Human rights lawyer and former Canadian Olympic swimmer Nikki Dryden says athletes are single-minded in their preparation for the games, for that reason they are not going to put their health and safety first.” (F)

“Organizers are relying on a series of six playbooks of rules that detail how participants of the Olympics and Paralympics can compete, move around and socialize, in order to manage the risks of what will be the world’s biggest COVID-19 bubble. While those involved in the games will be somewhat isolated from the Japanese public, Tokyo has ruled out using two core tenets of containment: quarantines and vaccinations. Without those, experts say infections could spread.

If it does, not only could the Olympics become the site of a sizable outbreak that spreads into Japan, it could become a cauldron of novel variants gathered from around the world. The risk is that athletes could bring them home, potentially fueling the pandemic.

While Japan has seen much lower transmission rates compared with other rich nations, its vaccination campaign is only just starting, months behind places like the United Kingdom, the United States and even other parts of Asia. There are still many unknowns, including exactly how many people will be coming into Japan, and organizers haven’t decided yet on how many domestic spectators will be allowed into venues.

Depending on how infection rates develop, there’s still a possibility that more stringent measures will be adopted, with the final version of the playbooks due in June.

“The situation surrounding the coronavirus is constantly changing, and it’s our hope that the efforts of the government, the city of Tokyo and other stakeholders will help to mitigate spread of infections,” Tokyo 2020 said in an emailed statement.

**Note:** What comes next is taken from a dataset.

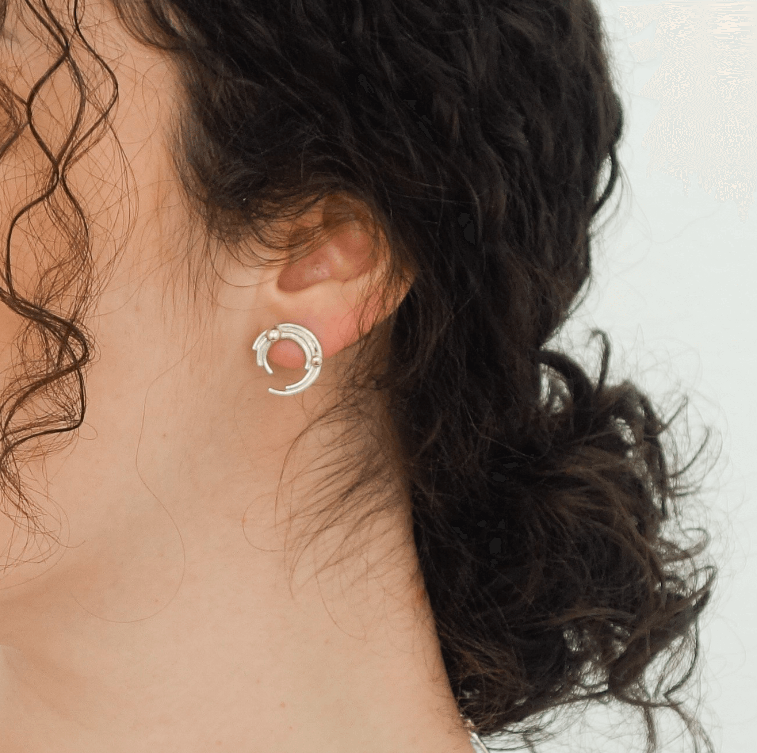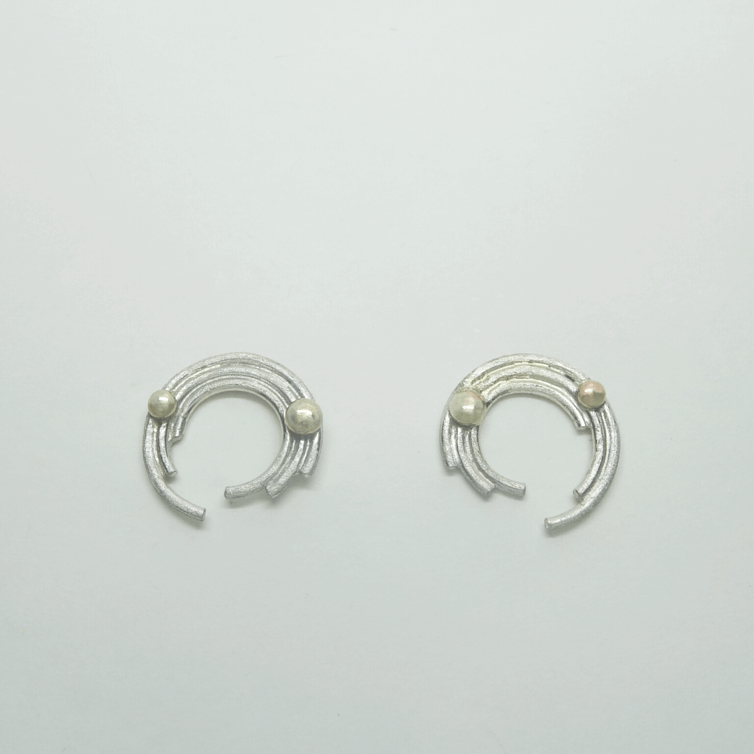 Round sterling silver earrings with two gold granules that represent two planets in their orbits around the Sun.

Sporting events have gone on around the world this past year — with both success stories and cautionary tales.

The Olympic organizers are set to emulate the NBA, which saw no infections during its three-month run in the summer and fall of 2020. But the NBA bubble saw just a few hundred athletes cordoned off together at the Walt Disney World Resort in Orlando, Florida. Including staff and coaches, there were fewer than 1,000 people involved…

The extent of the risk also varies depending on the sport. A study of the NFL’s latest season in the U.S. found that players didn’t transmit the virus during game play, while matches for a high school wrestling tournament turned into deadly superspreading events. The Olympics will feature 33 sports across 42 venues across Japan.

Further complicating the task is the social nature of the Olympics. Places such as the Athlete’s Village were designed to have people meet and socialize. Although long conversations and collective meals will be off limits, how those rules will be enforced is unclear. Some of the athletes are teenagers and the average age of an Olympian is usually in the 20s — groups where virus spread has been harder to control…

It’s not just the athletes. The games will require thousands of volunteers to help the events run smoothly, as well as local staff who will need to go in and out of the Olympic bubble regularly to do things such as cook meals, clean facilities and run the proceedings. It’s not clear how such staffers — which the Olympic Organising Committee and Tokyo Metropolitan Government say will probably number more than 150,000 — will be handled, and the playbooks don’t offer explicit instructions.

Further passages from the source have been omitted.